Very different limit to pinned memory with SLI-enabled vs SLI-disabled??

Dear All … interesting problem …

I’m using VS2015, 64Gb system RAM, 64 bit compiler/toolchain, CUDA 8, 3 x Maxwell Titan X, Windows 10 64bit … and if I have SLI enabled, I find I can allocate up to approx. 32Gb of pinned system memory (which is about right, as I believe Windows has limit of approx. half of total ram on this). This pinned memory seems to work well (I use it to transfer data from the 3 GPUs into the CPU memory at the same time with async memcopy).

However, if I disable SLI (which I have been told is the way CUDA should be run), then I find that it is out of memory after only allocating 10Gb of pinned memory. I make no changes to the code, and I don’t need to recompile, so it is isolated to SLI vs no SLI difference. I have tried different ways of trying to increase the Windows pinned memory limit without SLI, but can’t seem to change it.

Is there a reason why SLI enabled would allow so much more pinned memory? And is there a way of doing it without enabling SLI?

Thank you all …

The GPUs are apparently in WDDM mode, try switching to TCC mode.

Thank you and that might work, but I really need them in WDDM mode so I can use them for display as well. I’m just wondering why, in WDDM mode, with SLI enabled, I can allocate so much pinned memory but hardly much in SLI disabled? I would think actually it should be the opposite. Surely having SLI disabled should work much better …

Side note: I would question the wisdom of pinning GBs of system memory, usually one would not want to constrain operating systems so severely, they are designed around virtualized memory.

The CUDA facilities for allocating pinned system memory are just thin wrappers around the operating system facilities, and in my experience, those OS facilities are a bit of a black box in terms of the amount of memory that can be pinned.
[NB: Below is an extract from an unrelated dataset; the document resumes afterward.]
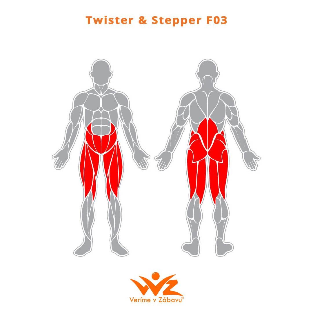 F03 Twister a Stepper – slouží k posílení svalů boků a bederní části páteře. Posílení těchto svalů napomáhá ke správnému držení těla. Cvičení na stepperu posiluje dolní končetiny, formuje hýžďové svaly a linii boků. Minimální plocha pro umístění zařízení musí mít rozměry 4 480 × 3 790 mm.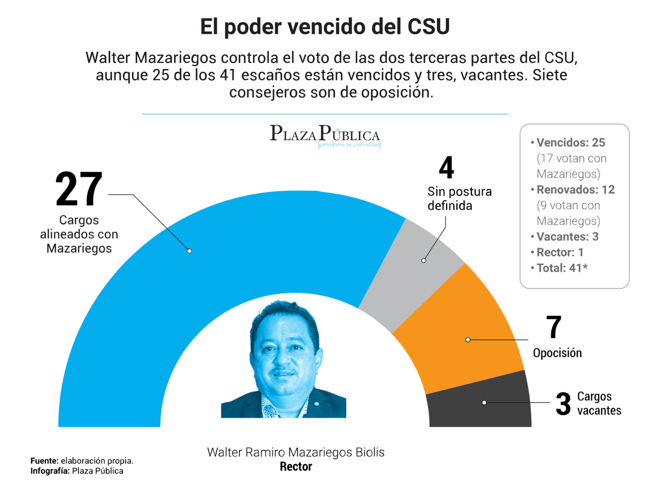 Desde una perspectiva democrática y normativa, el hecho de que una figura como Mazariegos, cuya administración está siendo objeto de cuestionamientos por irregularidades descaradas en la configuración del CSU, por la permanencia de consejeros con mandatos vencidos y por el bloqueo a la renovación representativa, pueda ejercer tanto poder dice varias cosas sobre la comunidad universitaria de la USAC:

It seems to depend on all kinds of system state, so I am wondering whether you are really observing a cause-effect relationship with the SLI settings or just an artifact.

Are the observations repeatable (1) After a fresh boot (2) After a day of heavy use ? If so, consider filing an enhancement request with NVIDIA. While I am not sure that something could actually be done about the issue from the NVIDIA side, it may depend a bit on which flags the NVIDIA driver uses when it invokes the operating system’s pinning facilities.

yes I think you’re right on your points about the pinned memory limit and SLI. However, it is not dependent at all on state of the system. It seems pretty consistent that SLI-disable only has 10Gb and SLI-enabled has 32Gb available. It might be something to do with SLI only being “one” card in terms of virtual memory to Windows, while no SLI is 3 separate cards … which perhaps means it uses more pinned memory to track all three (although the memory management system tells me no extra visible memory is being used, so it shouldn’t be …).

Also, there’s 64Gb system memory in total, so taking 32Gb as pinned memory really is no problem with Windows 10 (it can happily run very smoothly on 16Gb of memory). In fact, I would like to allocate more pinned! But 32Gb total pinned is fine for 3 cards with 12Gb onboard each.

may be of interest:

http://docs.nvidia.com/cuda/cuda-c-programming-guide/index.html#sli-interoperability

exactly … read this with interest, thank you.

basically this says that using SLI enabled should be suboptimal in terms of device memory, and perhaps best not to use it. I have found that device memory is allocated across the 3 devices in SLI-enabled absolutely fine (all the kernels run independently withint he GPUs and each GPU memory seems very distinct). The async memcpy from all the GPUs to the CPU memory is very fast and happens concurrently. I find the SLI-enabled allows me to pin a lot more CPU memory. Windows of course still runs fine given it has the other 32Gb free memory available to it.

It seems really crazy that Windows doesn’t allow more than 10Gb of pinned memory out of 64Gb if SLI is disabled, but somehow, having the more complicated state of SLI enabled, it allows up to 32Gb with no problems at all.